With regards to FOOM, I agree that doom from foom seems like an unlikely prospect (mainly due to diminishing returns on the utility of intelligence in many competitive settings) and I would agree that FOOM would require some experimental loop to be closed, which will push out time scales. I would also agree that the example of Go does not show what Yudkowsky thinks it does (it does help that this is a small world where it is feasible to do large reinforcement learning runs, and even then, Go programs have mostly confirmed human strategy, not totally upended it). But the possibility that if an unaided large NN achieved AGI or weak ASI, it would then be able to bootstrap itself to a much stronger level of ASI in a relatively short time (similar to the development cycle timeframe that led to the AGI/weak ASI itself; but involving extensive experimentation, so neither undetectable nor done in minutes or days) by combining improved algorithmic scaffolding with a smaller/faster policy network does not seem outlandish to me.
Lastly, I would argue that foom is in fact an observable phenomenon today.
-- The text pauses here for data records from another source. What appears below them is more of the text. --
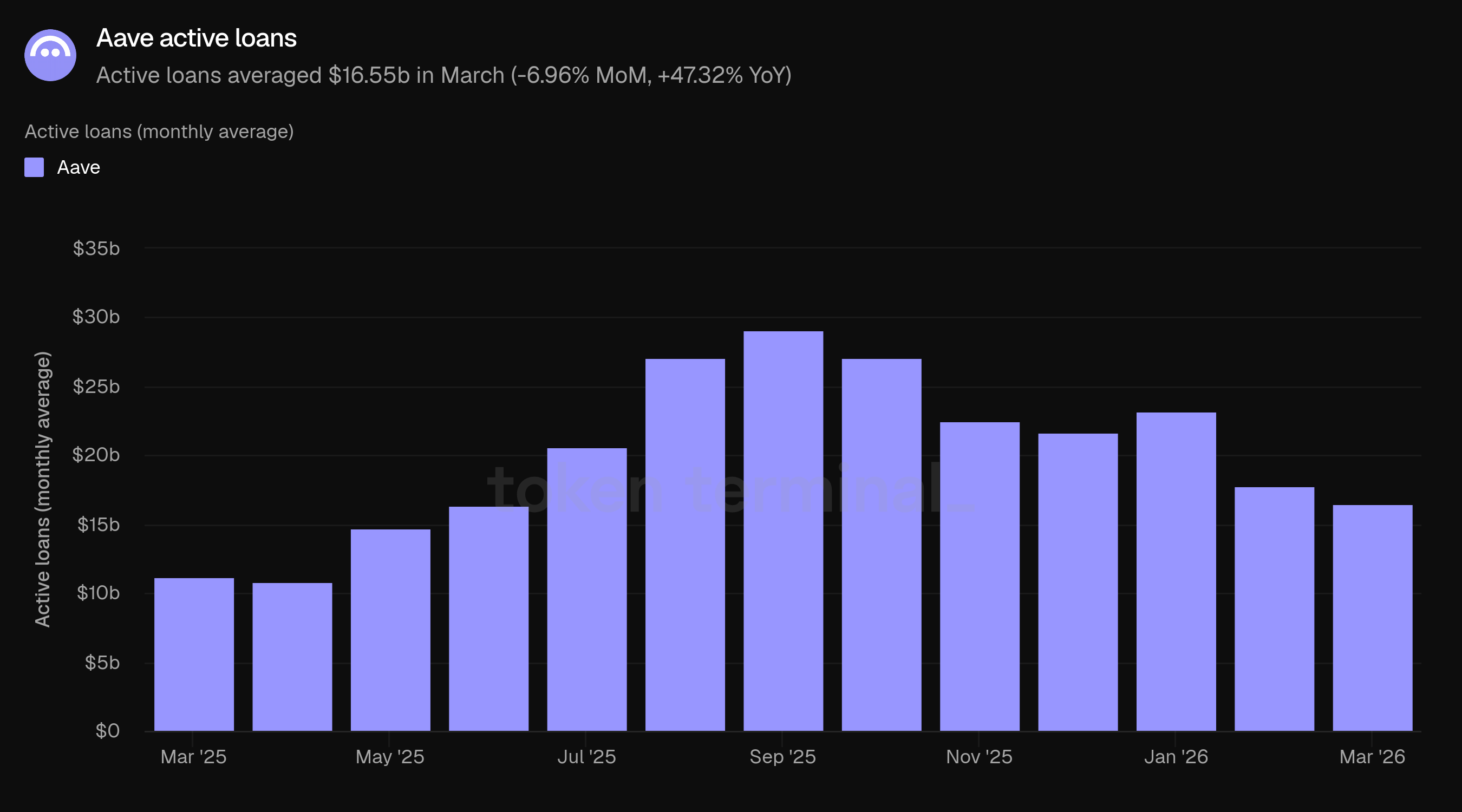 Active loans measures the total USD value of outstanding borrows across all Aave lending markets. March active loans averaged $16.55b, down 6.96% from February's $17.79b but up 47.32% from March 2025's $11.24b.
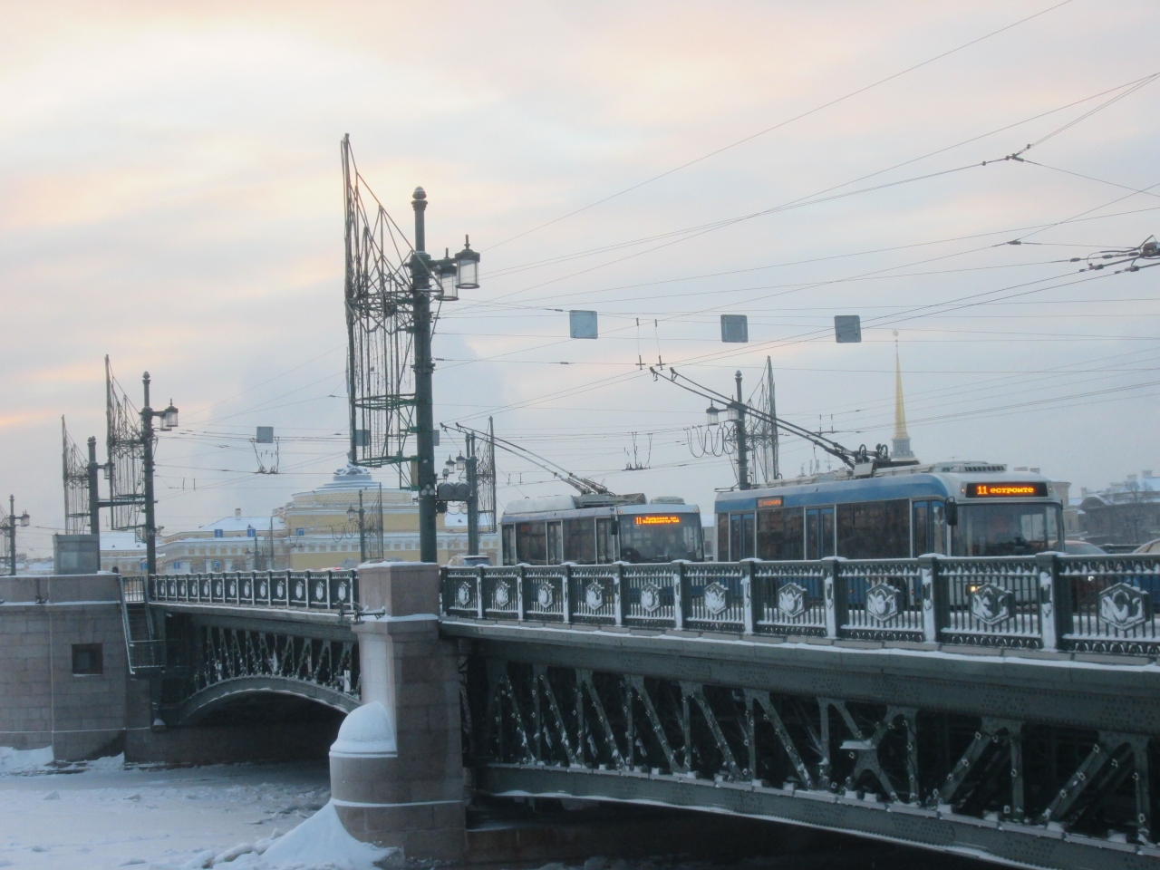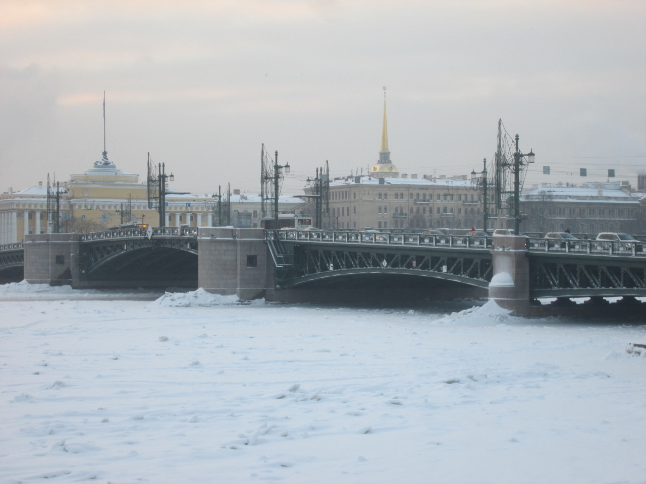 宮殿橋際にバスを停めて周辺を眺めました、大ネヴァ川に架かる橋で南側には旧海軍省とエルミタージュ美術館があり、北側には動物学博物館やロストラの燈台柱があります、ここからペトロパヴロフスク要塞など見ることができます、この橋は跳ね橋で夜間に船を通すため開いて起き上がるようです。
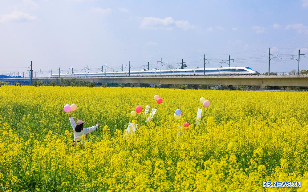 [신화망 북경 3월 18일발] 지난달 26일 관광객들이 사천성 로주시의 한 밭에 피여난 유채꽃을 감상하고 있다.
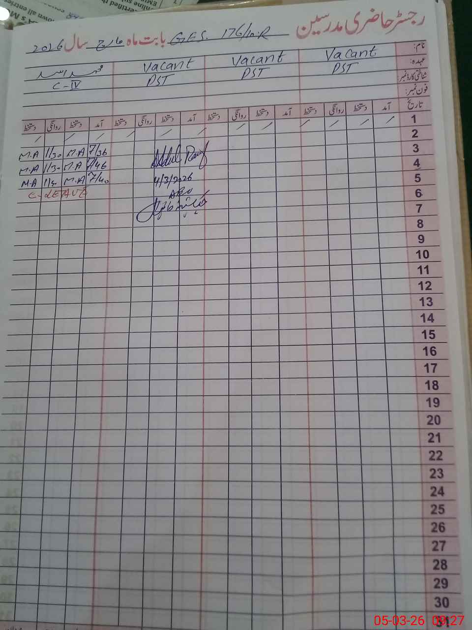 | Name: Ab**** Sh**** Designation: (School Headmaster's/Headmistress's) SST G Phone/Cell Number: 03**** |

We see self-reinforcing, rapid, sudden onset improvement every time a neural network during training discovers a substantially new capability and then improves on it before settling into a new plateau. This is known as grokking and well-described in the literature on neural networks; there are even simple synthetic problems that produce a nice repeated pattern of grokking at successive levels of performance when a neural network is trained to solve them. I would expect that fooming can occur at various scales. However, I find the case that a large grokking step automatically happens when a system approaches human-level competence on general problem unconvincing (on the other hand, of course a large grokking step could happen in a system already at human-level competence by chance or happenstance and push into the weak ASI regime in a short time frame).